__Required action__:
Give back exactly the lines from the one containing "Chicago Bears Womens" through the end of the records, including both, and no others.

*** Recorded information Section Begins ***

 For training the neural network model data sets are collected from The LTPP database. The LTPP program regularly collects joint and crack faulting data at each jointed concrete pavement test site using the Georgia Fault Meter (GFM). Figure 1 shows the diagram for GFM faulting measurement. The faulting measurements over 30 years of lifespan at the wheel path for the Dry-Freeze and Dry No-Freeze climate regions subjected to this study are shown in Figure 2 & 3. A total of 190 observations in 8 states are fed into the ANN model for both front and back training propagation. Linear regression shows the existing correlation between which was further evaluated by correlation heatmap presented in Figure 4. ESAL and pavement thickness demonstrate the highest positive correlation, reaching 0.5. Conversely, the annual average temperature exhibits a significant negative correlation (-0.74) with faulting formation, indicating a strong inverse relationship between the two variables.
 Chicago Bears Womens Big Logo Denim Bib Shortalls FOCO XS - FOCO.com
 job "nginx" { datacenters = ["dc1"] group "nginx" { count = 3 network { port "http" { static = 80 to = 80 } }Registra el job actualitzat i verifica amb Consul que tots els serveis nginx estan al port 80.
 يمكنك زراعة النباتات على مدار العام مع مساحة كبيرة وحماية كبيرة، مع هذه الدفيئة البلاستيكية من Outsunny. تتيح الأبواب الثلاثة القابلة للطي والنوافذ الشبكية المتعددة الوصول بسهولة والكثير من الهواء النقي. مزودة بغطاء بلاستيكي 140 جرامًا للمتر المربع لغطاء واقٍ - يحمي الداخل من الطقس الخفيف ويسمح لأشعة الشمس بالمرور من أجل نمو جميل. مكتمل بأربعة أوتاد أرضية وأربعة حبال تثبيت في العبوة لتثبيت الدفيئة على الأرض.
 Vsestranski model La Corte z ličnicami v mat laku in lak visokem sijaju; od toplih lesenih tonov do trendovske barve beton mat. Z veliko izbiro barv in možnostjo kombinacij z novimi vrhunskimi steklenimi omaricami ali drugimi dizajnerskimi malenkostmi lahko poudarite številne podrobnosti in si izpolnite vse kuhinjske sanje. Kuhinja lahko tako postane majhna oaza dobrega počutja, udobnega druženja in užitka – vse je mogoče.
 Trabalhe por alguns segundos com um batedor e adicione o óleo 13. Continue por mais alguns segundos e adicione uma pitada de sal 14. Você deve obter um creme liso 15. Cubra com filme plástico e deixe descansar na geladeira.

*** Recorded information Section Ends ***

__Task solution__:
 Chicago Bears Womens Big Logo Denim Bib Shortalls FOCO XS - FOCO.com
 job "nginx" { datacenters = ["dc1"] group "nginx" { count = 3 network { port "http" { static = 80 to = 80 } }Registra el job actualitzat i verifica amb Consul que tots els serveis nginx estan al port 80.
 يمكنك زراعة النباتات على مدار العام مع مساحة كبيرة وحماية كبيرة، مع هذه الدفيئة البلاستيكية من Outsunny. تتيح الأبواب الثلاثة القابلة للطي والنوافذ الشبكية المتعددة الوصول بسهولة والكثير من الهواء النقي. مزودة بغطاء بلاستيكي 140 جرامًا للمتر المربع لغطاء واقٍ - يحمي الداخل من الطقس الخفيف ويسمح لأشعة الشمس بالمرور من أجل نمو جميل. مكتمل بأربعة أوتاد أرضية وأربعة حبال تثبيت في العبوة لتثبيت الدفيئة على الأرض.
 Vsestranski model La Corte z ličnicami v mat laku in lak visokem sijaju; od toplih lesenih tonov do trendovske barve beton mat. Z veliko izbiro barv in možnostjo kombinacij z novimi vrhunskimi steklenimi omaricami ali drugimi dizajnerskimi malenkostmi lahko poudarite številne podrobnosti in si izpolnite vse kuhinjske sanje. Kuhinja lahko tako postane majhna oaza dobrega počutja, udobnega druženja in užitka – vse je mogoče.
 Trabalhe por alguns segundos com um batedor e adicione o óleo 13. Continue por mais alguns segundos e adicione uma pitada de sal 14. Você deve obter um creme liso 15. Cubra com filme plástico e deixe descansar na geladeira.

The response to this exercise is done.